● REQUIRED WORK
The output should match, line for line, the records from the line containing "- Věžová sestava" through the line containing "Women’s Tommy Hilfiger", with every picture left out.

● SUPPLIED RECORDS
----------------------------------------

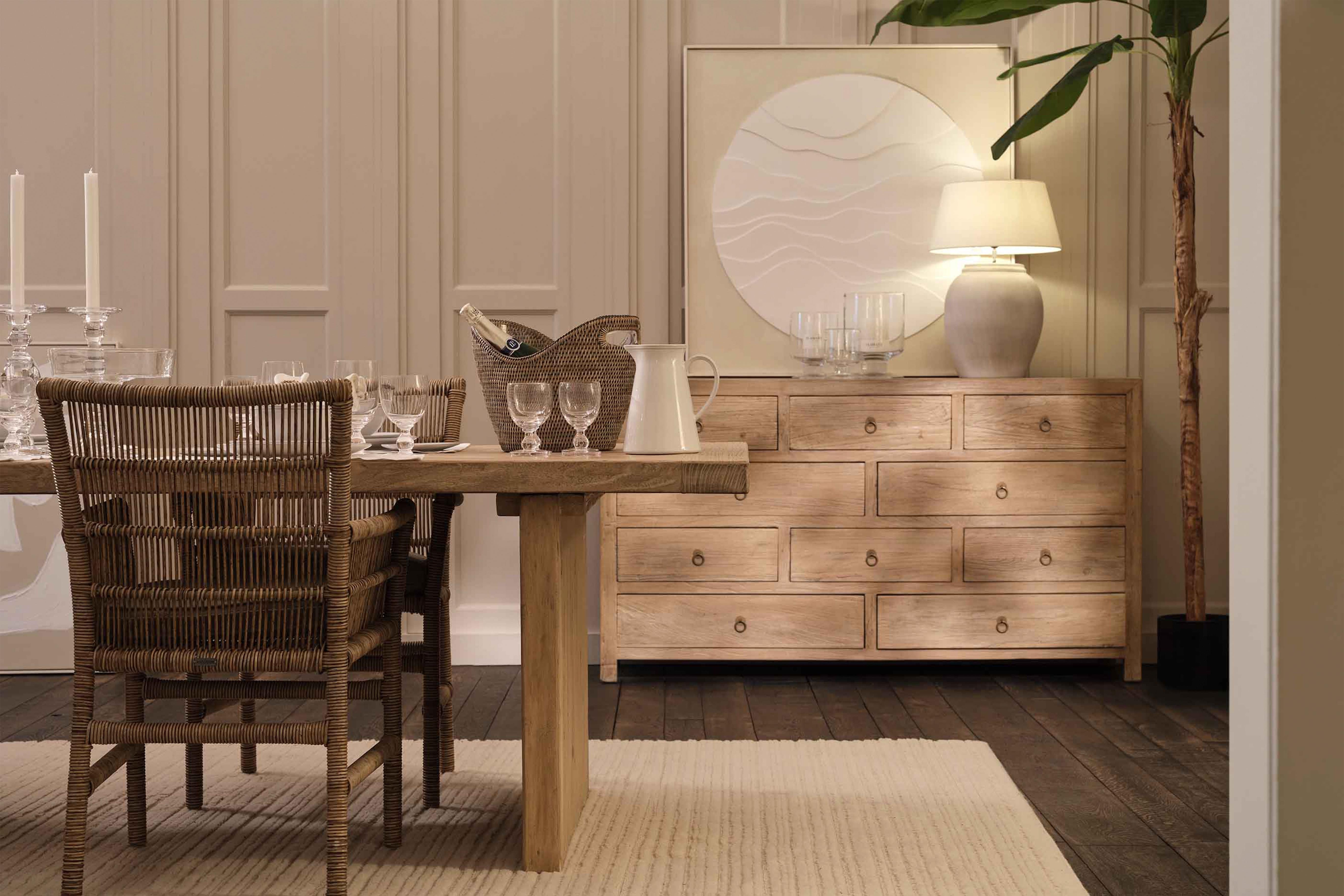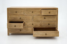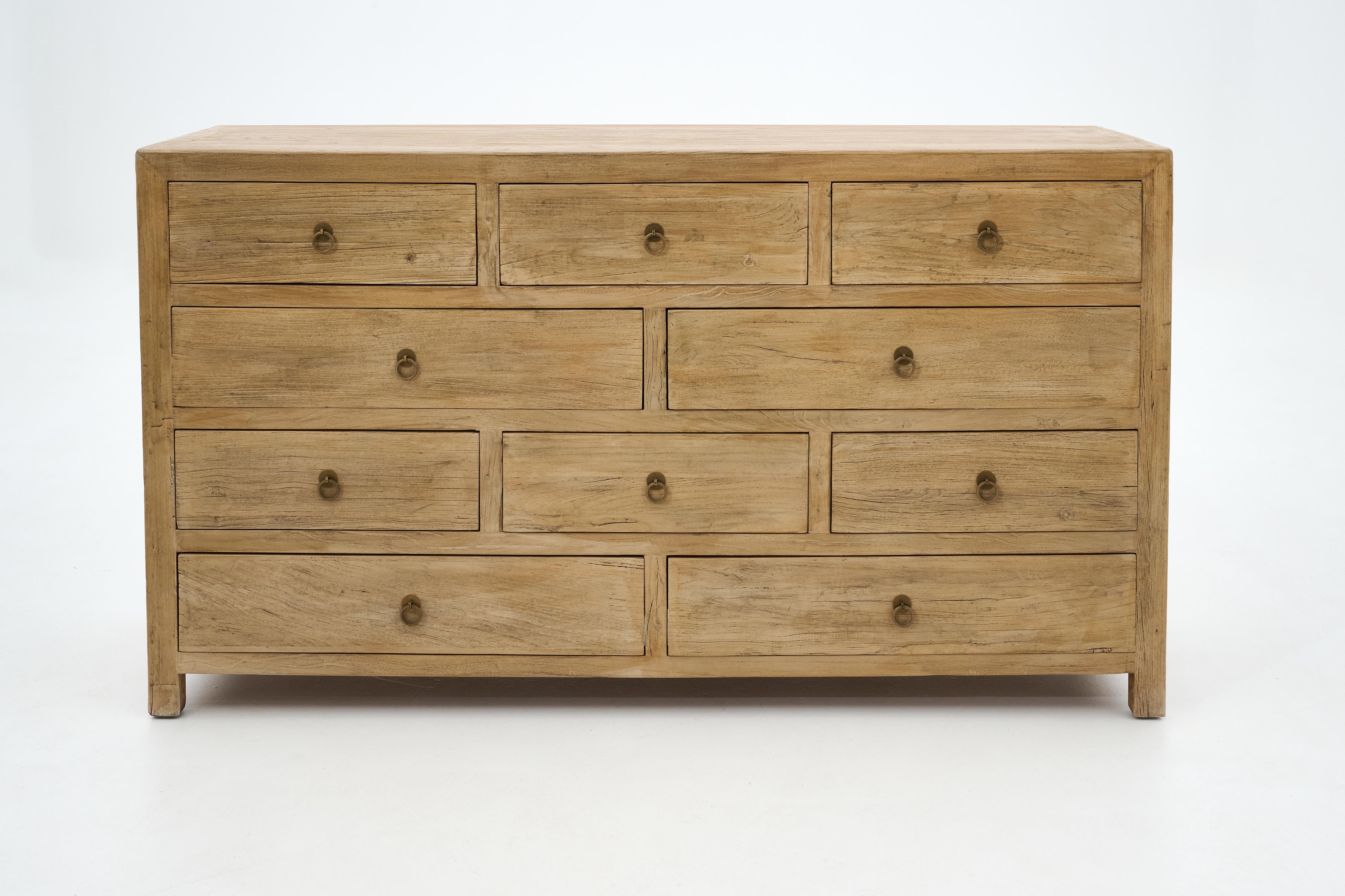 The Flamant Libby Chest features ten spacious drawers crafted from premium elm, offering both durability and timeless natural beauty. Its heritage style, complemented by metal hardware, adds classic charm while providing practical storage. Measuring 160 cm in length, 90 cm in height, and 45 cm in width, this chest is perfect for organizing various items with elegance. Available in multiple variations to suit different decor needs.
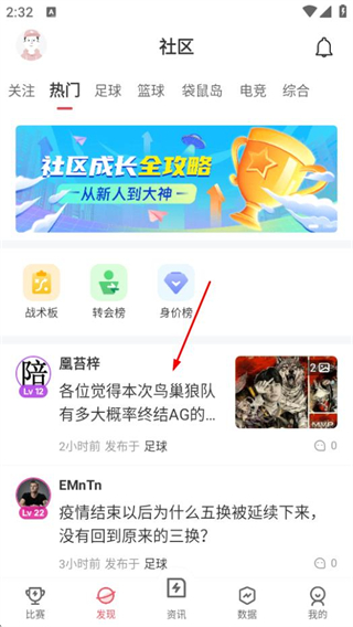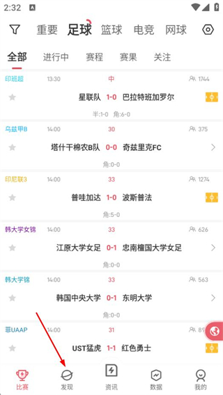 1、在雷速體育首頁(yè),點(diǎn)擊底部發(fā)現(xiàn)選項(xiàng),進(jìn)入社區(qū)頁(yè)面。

----------------------------------------

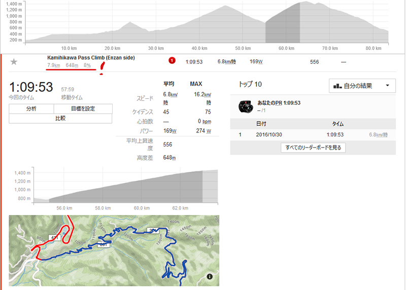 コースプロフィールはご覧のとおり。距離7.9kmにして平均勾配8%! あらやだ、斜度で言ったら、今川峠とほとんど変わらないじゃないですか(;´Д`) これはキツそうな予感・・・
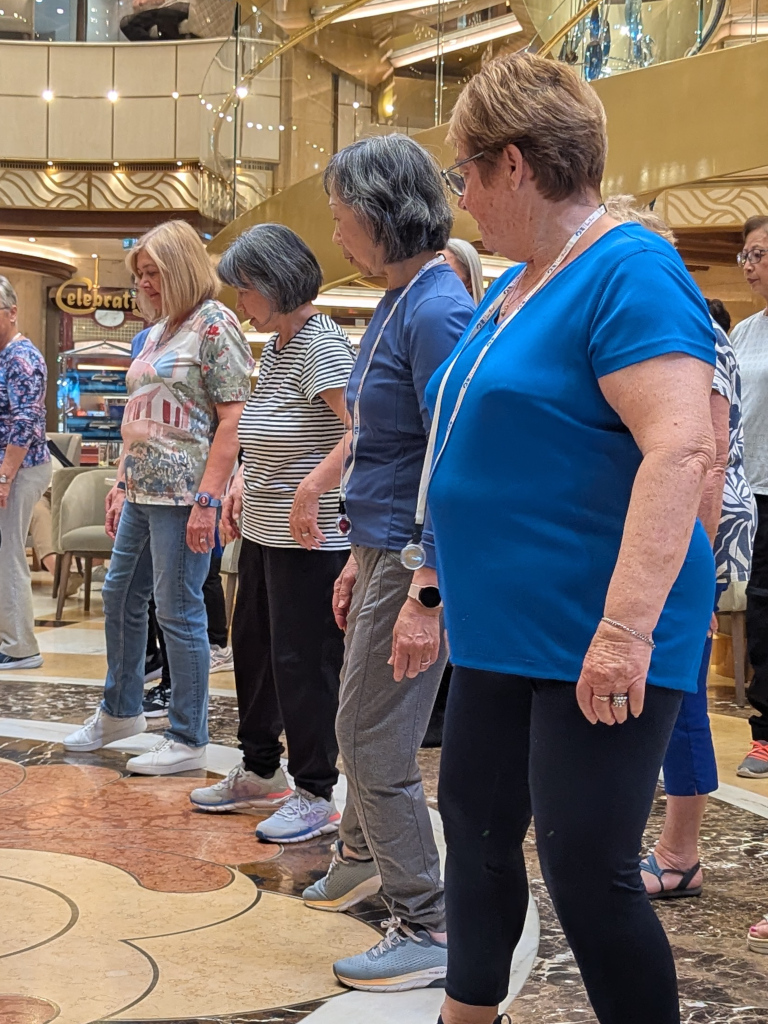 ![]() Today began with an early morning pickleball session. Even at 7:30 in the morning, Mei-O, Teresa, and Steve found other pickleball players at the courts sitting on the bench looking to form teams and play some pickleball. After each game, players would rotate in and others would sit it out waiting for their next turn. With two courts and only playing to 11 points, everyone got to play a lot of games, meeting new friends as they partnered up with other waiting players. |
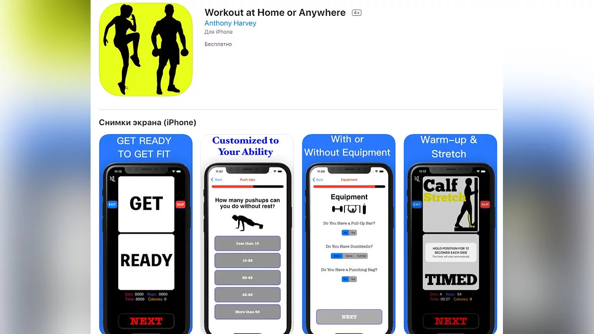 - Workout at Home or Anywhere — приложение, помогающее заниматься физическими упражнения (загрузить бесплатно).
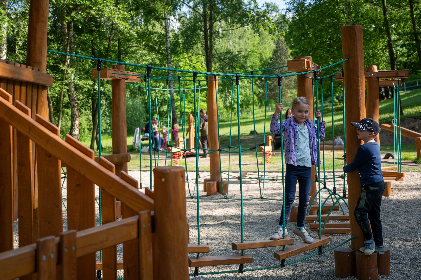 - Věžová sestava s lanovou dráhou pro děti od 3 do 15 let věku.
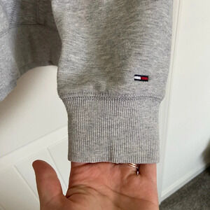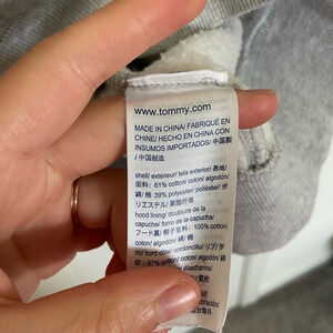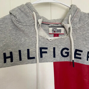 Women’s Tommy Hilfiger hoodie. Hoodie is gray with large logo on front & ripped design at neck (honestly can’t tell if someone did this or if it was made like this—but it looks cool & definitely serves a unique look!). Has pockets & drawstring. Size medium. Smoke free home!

----------------------------------------

● WRITTEN SOLUTION
 - Věžová sestava s lanovou dráhou pro děti od 3 do 15 let věku.
 Women’s Tommy Hilfiger hoodie. Hoodie is gray with large logo on front & ripped design at neck (honestly can’t tell if someone did this or if it was made like this—but it looks cool & definitely serves a unique look!). Has pockets & drawstring. Size medium. Smoke free home!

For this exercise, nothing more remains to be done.